Search efficiency gain Δη (%) comparing search processes with and without exponential-intermittence in 2D patchy landscapes (A and B) and with and without Lévy intermittence in 2D (C and D) and 3D (E and F) patchy landscapes. Results are shown for λP = 1,000 (low patch densities) (A, C, and E) and λP = 100 (high patch densities) (B, D, and F) for different scanning behaviors: ρ = 0.7 (●) and ρ = 0.9 (○), and for different intermittent reorientation behaviors: exponential-intermittent (0.01 ≤ β ≤ 1]) and Lévy intermittent (1 < μ ≤ 3). In the former case, the β values cover characteristic time-scales of intermittence (i.e., τ = βλP) that go from 1% to 100% of the λP value [i.e., the average distance, or travel time, between patches (see SI Text)]. Dashed lines indicate zero search efficiency gain (Δη = 0%).

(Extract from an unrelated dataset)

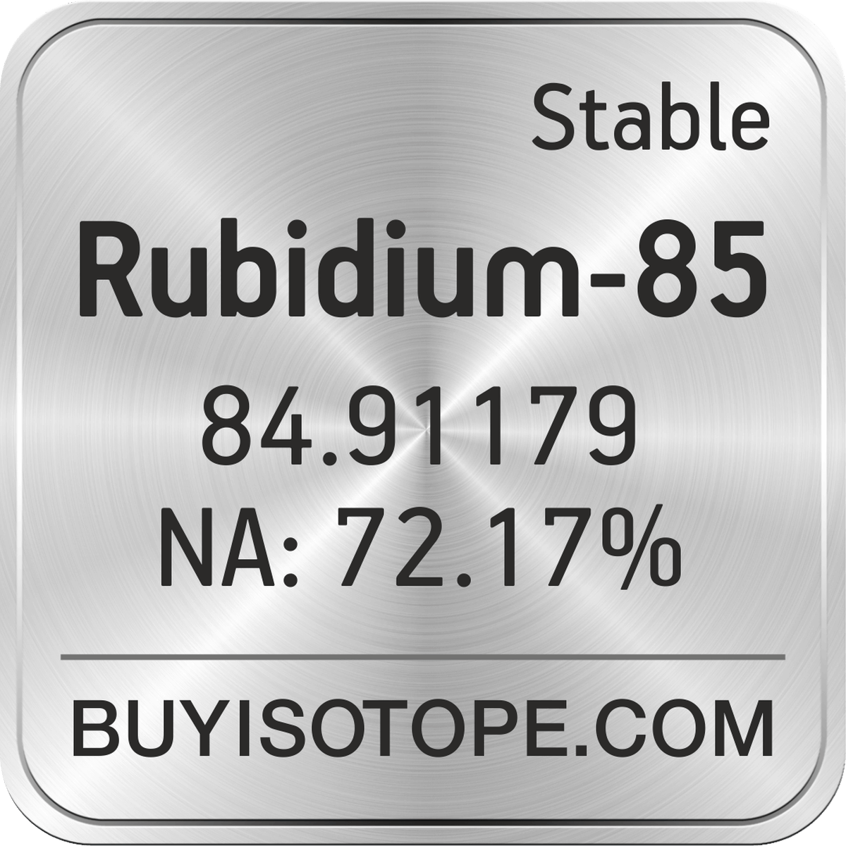 Rubidium-85 isotope is available to order from BuyIsotope.com in Rubidium-85 metal (Rb) chemical form and in Rubidium-85 chloride (RbCl) chemical form. Please contact us via request a Rubidium-85 quote BuyIsotope.com to order Rubidium-85 isotope, to get Rubidium-85 price and to buy Rubidium-85 isotope.

Interestingly, in some conditions, certain classes of Lévy intermittence can decrease the search efficiency because of an excessive breakage of the overall directional persistence of the walk (Fig. 1, ρ = 0.07, for the interval 2.5 < μ ≤ 3; Fig. S1, for the interval 2 < μ ≤ 3). Indeed, it is well known that the Lévy type of statistics not only increases but can also decrease (depending on the conditions) average encounter rates (30). All together, Fig. 1 and Fig. S1 suggest that the incorporation of Lévy intermittence into realistic scanning/reorientation models of search significantly modifies (either increase or decrease) encounter rates in different types of landscapes and different spatial dimensions. In addition, Fig. S2 illustrates the fact that Lévy intermittence might be of evolutionary relevance.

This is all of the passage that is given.